◆ **What you are asked to do**: Reproduce word for word, from the entries below, the line with "而今天要给大家介绍的,正是基于辅酶 Q10,融合前沿科技与优质配方的 ——DHA", the line with "活动当天,赏灯游园会区域,在", and every line between them, and nothing more.

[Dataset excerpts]
........
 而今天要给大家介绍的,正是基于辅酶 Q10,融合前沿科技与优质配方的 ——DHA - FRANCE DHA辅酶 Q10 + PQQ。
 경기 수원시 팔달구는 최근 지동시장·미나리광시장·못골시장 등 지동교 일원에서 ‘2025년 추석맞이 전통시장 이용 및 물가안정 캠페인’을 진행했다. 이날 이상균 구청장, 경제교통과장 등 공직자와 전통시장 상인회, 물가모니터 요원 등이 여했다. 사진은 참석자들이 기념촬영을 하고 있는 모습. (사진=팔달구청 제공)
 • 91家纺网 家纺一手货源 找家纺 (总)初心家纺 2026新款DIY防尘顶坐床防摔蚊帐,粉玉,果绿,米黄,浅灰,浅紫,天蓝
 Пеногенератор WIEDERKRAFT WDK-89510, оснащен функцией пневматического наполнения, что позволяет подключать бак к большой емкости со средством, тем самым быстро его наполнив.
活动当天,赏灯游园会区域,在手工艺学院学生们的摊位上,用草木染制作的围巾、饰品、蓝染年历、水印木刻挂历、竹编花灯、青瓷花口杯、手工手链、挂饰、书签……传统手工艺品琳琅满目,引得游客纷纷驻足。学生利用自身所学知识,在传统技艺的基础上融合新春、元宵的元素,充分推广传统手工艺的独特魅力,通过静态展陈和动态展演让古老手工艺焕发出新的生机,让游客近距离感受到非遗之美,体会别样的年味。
........
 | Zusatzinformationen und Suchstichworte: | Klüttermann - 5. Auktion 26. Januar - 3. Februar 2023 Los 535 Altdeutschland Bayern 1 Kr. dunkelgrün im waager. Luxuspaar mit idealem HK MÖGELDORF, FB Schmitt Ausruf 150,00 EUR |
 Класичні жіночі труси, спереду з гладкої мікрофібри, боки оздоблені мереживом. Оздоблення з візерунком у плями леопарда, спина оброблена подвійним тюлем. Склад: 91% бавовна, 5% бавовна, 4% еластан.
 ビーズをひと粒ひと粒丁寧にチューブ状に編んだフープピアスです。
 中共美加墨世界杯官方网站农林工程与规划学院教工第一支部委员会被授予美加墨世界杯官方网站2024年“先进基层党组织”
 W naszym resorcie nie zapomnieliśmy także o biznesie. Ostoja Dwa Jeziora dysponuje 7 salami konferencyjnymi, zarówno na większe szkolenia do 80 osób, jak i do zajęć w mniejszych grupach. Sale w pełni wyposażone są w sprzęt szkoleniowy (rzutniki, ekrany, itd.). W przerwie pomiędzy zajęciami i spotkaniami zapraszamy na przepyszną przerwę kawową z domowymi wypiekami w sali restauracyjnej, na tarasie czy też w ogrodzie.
........
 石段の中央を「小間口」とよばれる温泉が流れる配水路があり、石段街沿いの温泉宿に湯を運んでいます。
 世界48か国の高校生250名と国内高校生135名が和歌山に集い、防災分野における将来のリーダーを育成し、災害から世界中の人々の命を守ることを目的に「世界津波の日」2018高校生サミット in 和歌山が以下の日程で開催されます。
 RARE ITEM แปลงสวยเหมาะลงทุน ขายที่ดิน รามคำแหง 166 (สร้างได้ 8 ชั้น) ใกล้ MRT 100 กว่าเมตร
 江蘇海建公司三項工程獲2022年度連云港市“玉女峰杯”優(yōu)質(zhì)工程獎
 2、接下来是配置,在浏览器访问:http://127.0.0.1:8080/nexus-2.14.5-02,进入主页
........
◆ **Response**:
 而今天要给大家介绍的,正是基于辅酶 Q10,融合前沿科技与优质配方的 ——DHA - FRANCE DHA辅酶 Q10 + PQQ。
 경기 수원시 팔달구는 최근 지동시장·미나리광시장·못골시장 등 지동교 일원에서 ‘2025년 추석맞이 전통시장 이용 및 물가안정 캠페인’을 진행했다. 이날 이상균 구청장, 경제교통과장 등 공직자와 전통시장 상인회, 물가모니터 요원 등이 여했다. 사진은 참석자들이 기념촬영을 하고 있는 모습. (사진=팔달구청 제공)
 • 91家纺网 家纺一手货源 找家纺 (总)初心家纺 2026新款DIY防尘顶坐床防摔蚊帐,粉玉,果绿,米黄,浅灰,浅紫,天蓝
 Пеногенератор WIEDERKRAFT WDK-89510, оснащен функцией пневматического наполнения, что позволяет подключать бак к большой емкости со средством, тем самым быстро его наполнив.
活动当天,赏灯游园会区域,在手工艺学院学生们的摊位上,用草木染制作的围巾、饰品、蓝染年历、水印木刻挂历、竹编花灯、青瓷花口杯、手工手链、挂饰、书签……传统手工艺品琳琅满目,引得游客纷纷驻足。学生利用自身所学知识,在传统技艺的基础上融合新春、元宵的元素,充分推广传统手工艺的独特魅力,通过静态展陈和动态展演让古老手工艺焕发出新的生机,让游客近距离感受到非遗之美,体会别样的年味。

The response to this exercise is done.